WHAT THIS TASK INVOLVES: Please return the full listing word for word, leaving out any pictures.

INFORMATION PROVIDED:
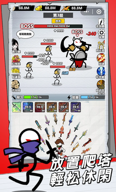 放置爬塔:轻松的放置爬塔旅程,根据想法来选择自动战斗,击败boss赢取奖励。
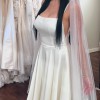 This enchanting A-Line wedding dress captures the essence of romance and elegance, making it the perfect choice for the modern bride. Designed in a timeless ivory hue, it features a refined square neckline that beautifully frames the face, while delicate spaghetti straps add a touch of sophistication. The low back provides an alluring element, striking the ideal balance between modesty and allure.
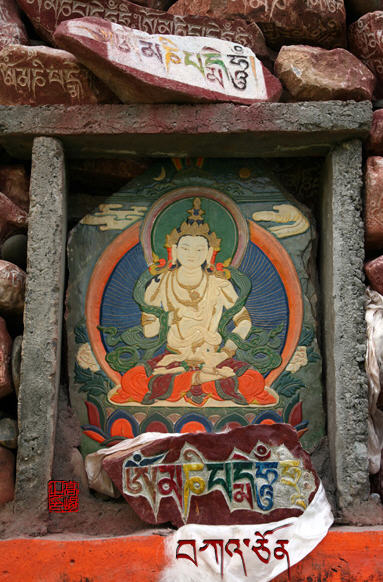 土登师父是上师的侍者。他待人非常热情,他把我安排在烧水间边上的一间屋子里,一进屋就看见对面墙上挂着法王的唐卡,我跪在地上呜呜地哭起来,就如见到久别的亲人。土登师父劝我不要哭,担心会引起高原反应。我还是止不住地哭,止不住内心那种思念、痛惜、内疚的泪水。

WRITTEN SOLUTION:
 放置爬塔:轻松的放置爬塔旅程,根据想法来选择自动战斗,击败boss赢取奖励。
 This enchanting A-Line wedding dress captures the essence of romance and elegance, making it the perfect choice for the modern bride. Designed in a timeless ivory hue, it features a refined square neckline that beautifully frames the face, while delicate spaghetti straps add a touch of sophistication. The low back provides an alluring element, striking the ideal balance between modesty and allure.
 土登师父是上师的侍者。他待人非常热情,他把我安排在烧水间边上的一间屋子里,一进屋就看见对面墙上挂着法王的唐卡,我跪在地上呜呜地哭起来,就如见到久别的亲人。土登师父劝我不要哭,担心会引起高原反应。我还是止不住地哭,止不住内心那种思念、痛惜、内疚的泪水。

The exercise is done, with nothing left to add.